(Beginning of DATASET ENTRIES)
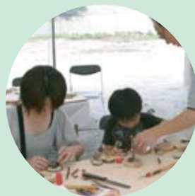
森のクラフト教室
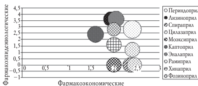
Рис. 2. Карта восприятия МНН ЛП по группе ингибиторов АПФ

Карта восприятия представляет собой матрицу с двумя осями, на которых отражаются значения координат по фармакоэкономическим и фармакоэпидемиологическим параметрам, а размер круга определяется значением нормативных параметров (рис. 2).
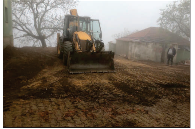
PALAMUTÇUK MAHALLESİ CEVİZDİBİ KÜME EVLERİ SOKAK BİNA YIKIMI ESKİ VE YENİ HALİ
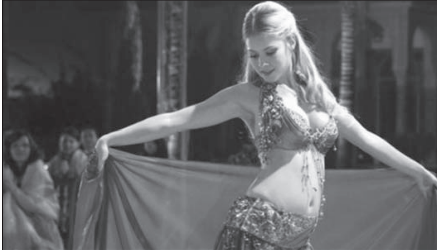
لقطة وملصق فيلم "لولا"

إن فيلم "لولا" يرغب أساساً في إبهاننا وهو ينجح في شدنا بانسيابته أحياناً وبرقصاته الجميلة وموسيقاه وأغانيه الجذابة أحياناً أخرى مذكرة إياننا بأجواء
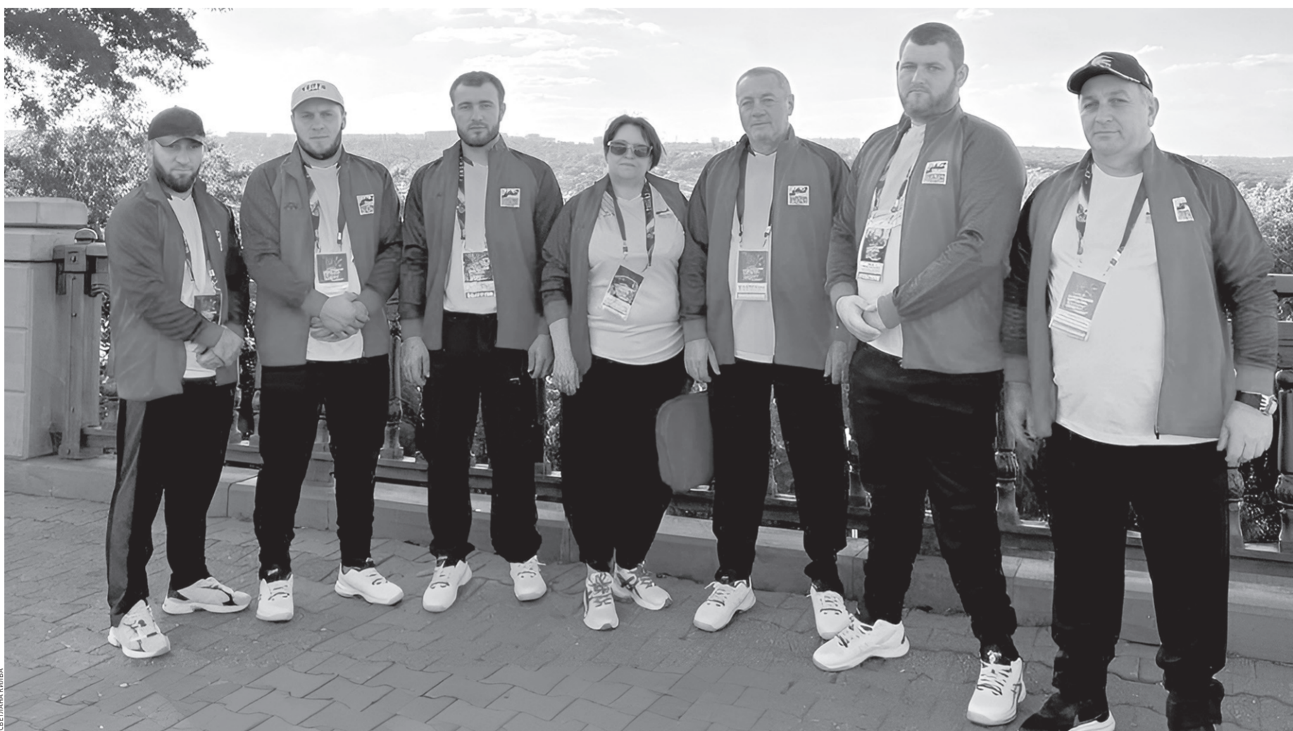
Эти ребята — настоящие герои нашего времени

На торжестве рассказали, что организаторами спортивных мероприятий является фонд «Защитники Отечества», Паралимпийский комитет России, Министерство спорта Российской Федерации, правительство Ставропольского края и Всероссийская федерация спорта лиц с поражением опорно-двигательного аппарата. Прошедшие в Ставрополе нынешние состязания среди ветеранов СВО — это пятое
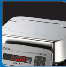
Stainless steel 짐판
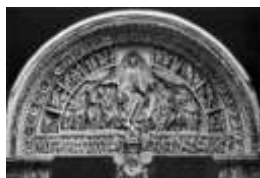
Рисунок 2 – Рельєф на церкві Сен-Мадлен (кожна побудова мала вражаючий та неповторний рельєф)

Вражає розмаїття церков, серед яких неможливо знайти дві однакові (рис.2). Втім, незважаючи на це, на прикладі Німеччини автор хоче представити спільні риси унаслідок національних відмінностей.
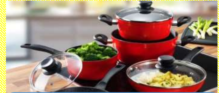
ФОТО – ВИДЕО – ПРЕЗЕНТАЦИИ – ССЫЛКИ
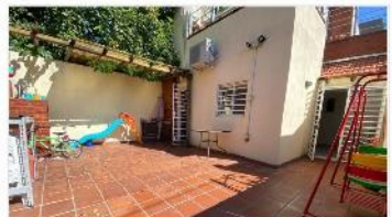
FLORIDA Casa 3 Amb

PH 3 ambientes con patio, a metros de Panamericana y Melo; excelente estado, 100m2 totales, DEPA2270)
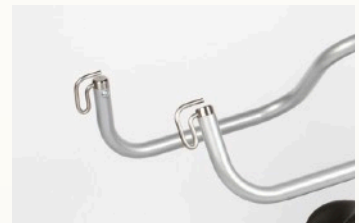
Gurtaufnahme für Schlaufengurte
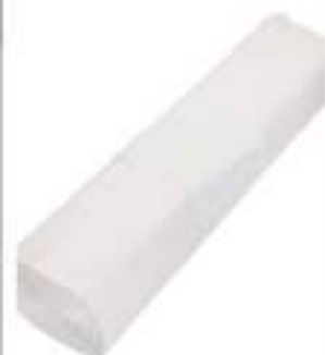
SACCHI BIANCHI 70X110
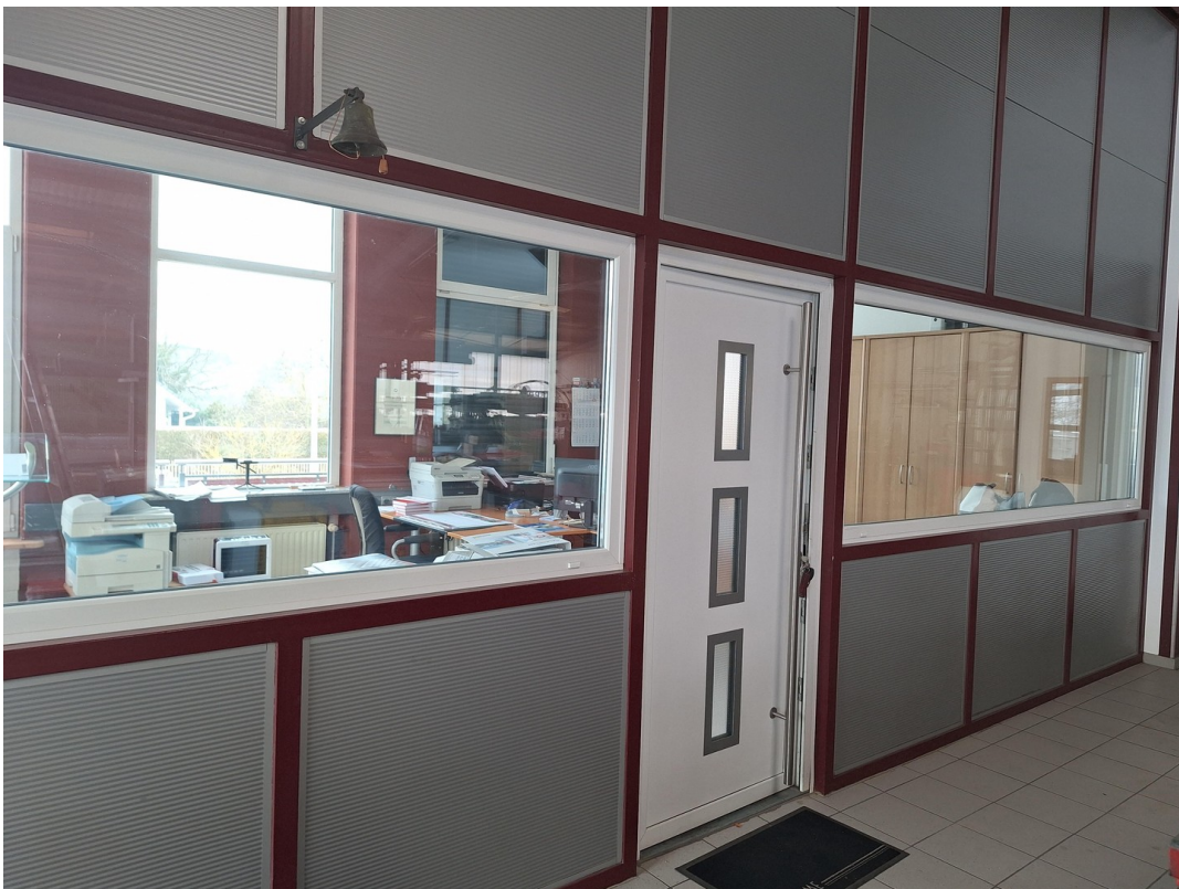
Blick aus der Halle ins Büro
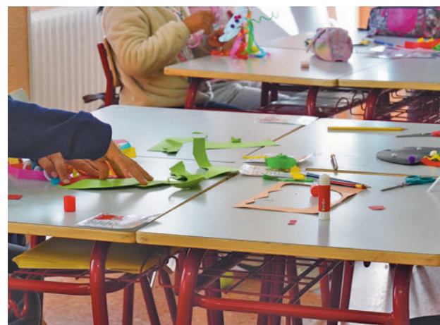
Imagen de archivo de campamentos anteriores

Toda la actualidad de Alcorcón, en nuestra página web
(End of DATASET ENTRIES)
Leave out the pictures, and retype exactly the lines from the one containing "Blick aus der Halle ins Büro" through the last line of the data above, no more and no less.

= TASK OUTPUT =
Blick aus der Halle ins Büro
Imagen de archivo de campamentos anteriores

Toda la actualidad de Alcorcón, en nuestra página web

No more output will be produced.